Other drugs recently developed for HIV treatment include Merck’s Delstrigo, a once-per-day triple combination treatment, and Pifeltro, a new non-nucleoside reverse transcriptase inhibitor. Gilead is a leader in the development of HIV treatments. With Truvada, Atripla and Stribild, Gilead Sciences has three of the top four best-selling HIV drugs on the market. In 2018, Gilead also saw approval of Biktarvy, a triple combination treatment of bictegravir and emtricitabine/tenofovir alafenamide for the treatment of HIV-1.
Not only is the pharma community steadily working to develop therapies and preventative medications for HIV, but the U.S. government also declared war on the virus and promised to bring an end to the epidemic. Robert Redfield, the former director of the U.S. Centers for Disease Control and Prevention, predicted the AIDs epidemic could be defeated within the next three to seven years. Redfield, a longtime HIV researcher, said at the time he was appointed CDC director that the tools exist to defeat the disease and that researchers should believe in “the possible.”
During the previous presidential administration, the White House launched an initiative to reduce the number of new HIV infections in the United States by 75% by 2025. By 2030, the goal is to reduce infections by at least 90%, for an estimated 250,000 total HIV infections averted. The current administration has taken up the cause and pledged to meet the goal.
Currently, about 1.1 million Americans are living with HIV infection.
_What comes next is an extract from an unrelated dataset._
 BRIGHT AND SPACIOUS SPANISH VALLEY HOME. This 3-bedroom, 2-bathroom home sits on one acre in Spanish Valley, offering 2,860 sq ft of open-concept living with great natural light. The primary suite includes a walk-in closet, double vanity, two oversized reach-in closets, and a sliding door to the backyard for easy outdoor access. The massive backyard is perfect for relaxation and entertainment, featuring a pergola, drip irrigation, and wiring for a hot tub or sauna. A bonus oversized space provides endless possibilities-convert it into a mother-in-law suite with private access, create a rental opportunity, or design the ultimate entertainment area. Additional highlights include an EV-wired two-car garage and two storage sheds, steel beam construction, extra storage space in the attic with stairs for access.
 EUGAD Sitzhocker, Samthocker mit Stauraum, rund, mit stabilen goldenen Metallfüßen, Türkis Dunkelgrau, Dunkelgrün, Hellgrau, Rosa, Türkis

It is estimated that 38,000 Americans are diagnosed with the infection each year, down significantly from peak infections. Without intervention, the government predicts nearly 400,000 more Americans will be newly diagnosed over ten years despite the availability of tools to prevent transmissions.
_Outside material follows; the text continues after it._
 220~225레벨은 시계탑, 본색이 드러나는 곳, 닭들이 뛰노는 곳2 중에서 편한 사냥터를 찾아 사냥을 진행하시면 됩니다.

Smith expressed hope that HIV is a disease that can be defeated within our lifetime. She pointed to two patients who underwent rigorous treatment regimens and, as a result, were cleared of the virus. The London patient and the Berlin patient, as they are known, both underwent an invasive procedure where the immune system was ablated ahead of a bone marrow transplant. The new cells were resistant to viral infection, and, following the transplant, the HIV was no longer detectable within them.
“These were tough treatment programs, but it does show what is possible,” Smith said. However, she quickly noted that the treatments the London and Berlin patients went through are not a reasonable path for the 38 million HIV patients across the globe.
Still, there are companies assessing gene therapy treatments that may achieve similar results with greater safety. Maryland-based American Gene Technologies dosed its first patient in a Phase I study of its HIV gene therapy, AGT103-T. The company is developing AGT103-T to downregulate the CCR5 receptor, disrupting the synthesis of proteins HIV needs to replicate. The gene therapy is designed to repair the T helper cell defect, which will allow the body to fight and clear HIV.
While gene therapies are promising, Smith said any treatment that can functionally end HIV as a threat has to be safe, scalable, and “not outrageously expensive.” A significant number of HIV patients are in countries that have limited economic resources. Smith said it would be necessary for new medications to be available for these patients to end the scourge of HIV.
Smith also said that approximately 50% of HIV patients across the globe are currently on treatment. If more patients can begin to undergo treatment with available drugs and prevention drugs could be provided to the vulnerable and at-risk populations, transmission of the virus will decline.
“We’re doing our part to make sure our HIV drugs are available,” Smith said.
Although numerous medications have suppressed the virus in patients, Smith noted there is still a significant stigma associated with the disease.
“No one is worried about someone finding your hypertension medication on the counter, but people with HIV will hide their medication to avoid that and have it affect people’s views. It’s not like what it was back in the beginning when people were horrible about it,” she said. Smith added that many people with HIV also have a self-induced stigma over their disease.